TripAdvisor Suspends Sales for Animal Tourism
TripAdvisor Suspends Sales for Animal Tourism

TripAdvisor, the world’s largest travel website, is halting ticket sales for elephant rides, selfies with tigers and other tourist entertainment deemed cruel to animals.

The website and its Viator brand will stop selling tickets for travelers where tourists come into physical contact with captive wild animals or endangered species, including elephant rides, petting tigers and swim with dolphin attractions, the company said in a release on Wednesday. The company wants to help “improve the health and safety standards of animals, especially in markets with limited regulatory protections”, stated Stephen Kaufer, TripAdvisor’s president and CEO.

To raise elephants submissive enough to safely give rides to tourists, baby elephants are often taken from their mothers when young and beaten during training for their future work, according to World Animal Protection. The move comes less than six months after the London-based animal welfare group started petitioning the company to join efforts to protect wild animals from being treated cruelly in the tourism industry, CBS News reported.

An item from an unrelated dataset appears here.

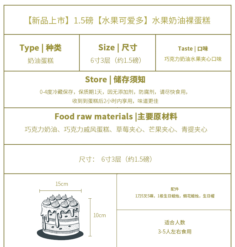 【新品上市】1.5磅【水果可爱多】水果奶油裸蛋糕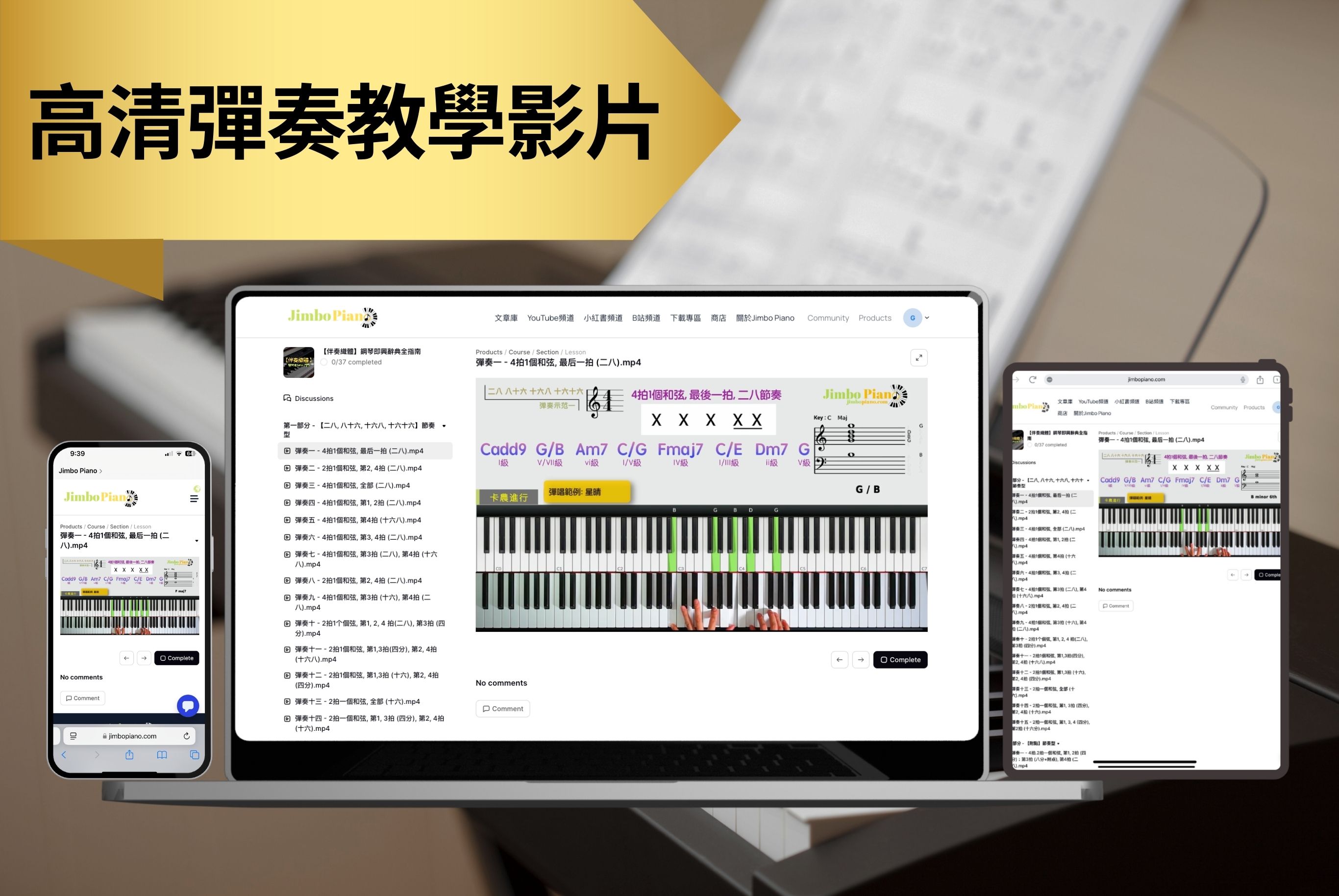 課程購買後, 你會收到一封購買確認郵件,點擊鏈接就會去到Jimbo Piano官網,註冊登錄後就可以觀看高清彈奏教學影片。

TripAdvisor’s announcement is “a significant step towards ending elephant rides, tiger selfies, swimming with dolphins and other forms of cruel tourist entertainment”, said the charity, which began lobbying against cruel wildlife entertainment in 1991, ending bear dancing in Greece, Turkey and India.

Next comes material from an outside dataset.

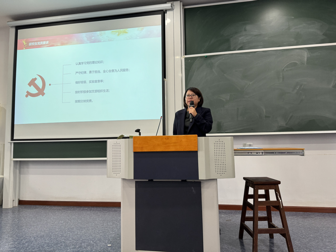 随后,韩璐就学院的学生党建工作做了详细介绍,包括特色支部活动和党建品牌建设等内容。她对研究生党员提出了具体要求:不仅要努力提升自身的理论修养,在日常学习工作中树立良好榜样,还要积极参与支部活动和志愿服务中去;面对挑战时更要勇于担当,率先垂范。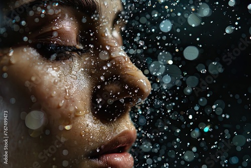 A dynamic shot of someone applying facial mist capturing the droplets in motion

While some attractions will cease booking through TripAdvisor immediately, the company plans to have both an educational portal and booking policy changes fully launched and implemented by early 2017.

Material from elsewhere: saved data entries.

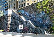 The now disused staircase leading down from the viewing area to what was once Riverside Drive, but is now the northbound lanes of the Henry Hudson Parkway- Just north of the Plaza is a pedestrian bridge over the parkway to the Hudson River Greenway; this image was taken from the Greenway - in the background is Castle Village, a cooperative apartment complex.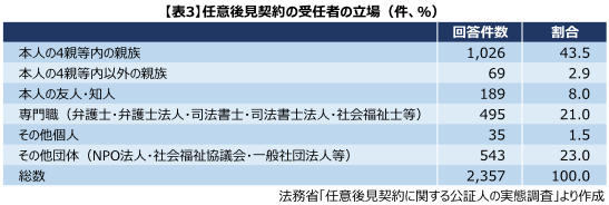 受任者がどのような立場なのかをまとめると、表3のとおりです。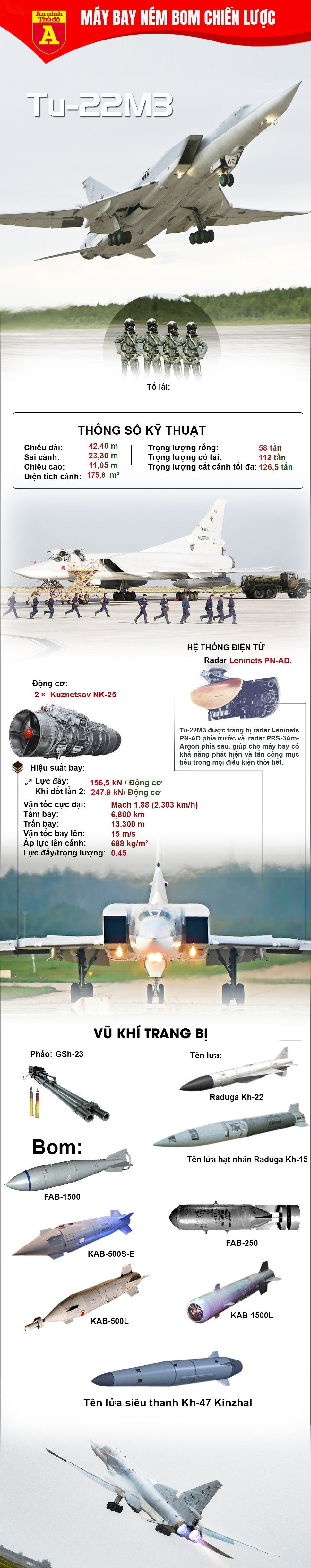 Máy bay ném bom Tu-22M3 đi vào hoạt động từ năm 1983, trong khi phiên bản hiện đại hóa Tu-22M3M mới nhất ra mắt năm 2018. Mẫu oanh tạc cơ này có chức năng chính là tiêu diệt các biên đội tàu sân bay đối phương, khiến nó có biệt danh "sát thủ diệt tàu sân bay".

Viator has for several years supported animal welfare standards in its booking policies, including a ban on travel where captive wild animals are killed or injured for blood sport. TripAdvisor will continue to book tickets for trips involving horseback riding, children petting zoos with rabbits and other domestic animals, as well as aquariums, zoos and sanctuaries where there could be some touching or physical interaction with animals, it said.